If any part of your project is outdoors or weather-dependent, build a real contingency plan and a firm go/no-go decision deadline β€” far enough ahead that you can notify your whole team before they leave home. Heat, cold, rain, and early darkness all change what is safe and what is possible. Never let the sunk cost of planning push you into running a project in conditions that endanger your team. Rescheduling is a leadership decision, not a failure; pushing forward into a thunderstorm to avoid disappointment is the failure.

Safety Notes

You are responsible for the physical safety of other people, some of whom may be younger than you and all of whom are trusting your judgment. This responsibility is the heart of the yellow safety level on this unit and must not be treated casually.

Hazards

  • Tools and physical labor: cuts, strains, falls, lifting injuries. Brief proper technique before work begins; match tasks to ability; never hand a dangerous tool to an untrained or unsupervised younger volunteer.
  • Public and roadside settings: traffic, uneven ground, exposure. Use signage, vests, and spotters as conditions require.
  • Heat, cold, and dehydration: plan water, shade, and breaks; watch your team for the early signs and stop the work before someone goes down.
  • People you do not control: the public, property conditions, animals. Scout the site in advance for what you cannot see on a map.
  • Vulnerable populations: if your project serves children, the elderly, or at-risk people, additional supervision, background checks, or partner-organization oversight may be required. Ask; do not assume.

Emergency Plan

  • Nearest help: Identify the nearest hospital or urgent care and the route before the day begins. Know the site address well enough to give it to a 911 dispatcher under stress.
  • Communication: Confirm cell coverage at the site. Carry a charged phone. Make sure at least one other person knows the emergency plan so it does not collapse if you are the one who is hurt.
  • Bail-out plan: Define, in advance, the conditions under which you stop the project early β€” injury, dangerous weather, a hostile situation, loss of permission.

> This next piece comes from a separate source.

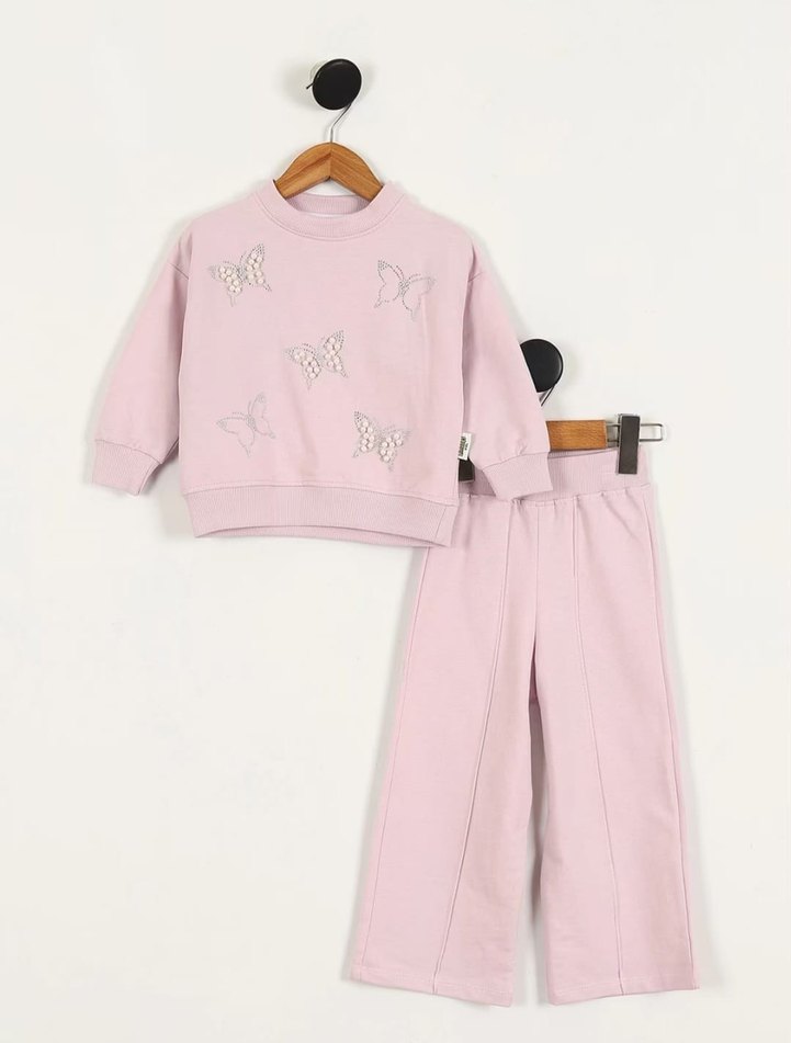 Nakışlı kelebek desenli, pastel pembe renkli, örgü uzun kollu üst ve pantolondan oluşan kız bebek takımı.

Decide who has the authority to call it (you do) and how you will get everyone home safely and accounted for. A leader who has not thought through how to stop is not ready to start.

Rules

  • An adult must be aware of, and supportive of, the project; for any activity involving real physical risk or vulnerable populations, an adult must be present.
  • Brief every volunteer on safety before they touch a tool or begin work β€” no exceptions, even for people who "already know."
  • You are the first to arrive and the last to leave. Everyone is accounted for before you go.
  • Restore the site to better than you found it. Leaving a mess is a failure of leadership, not a detail.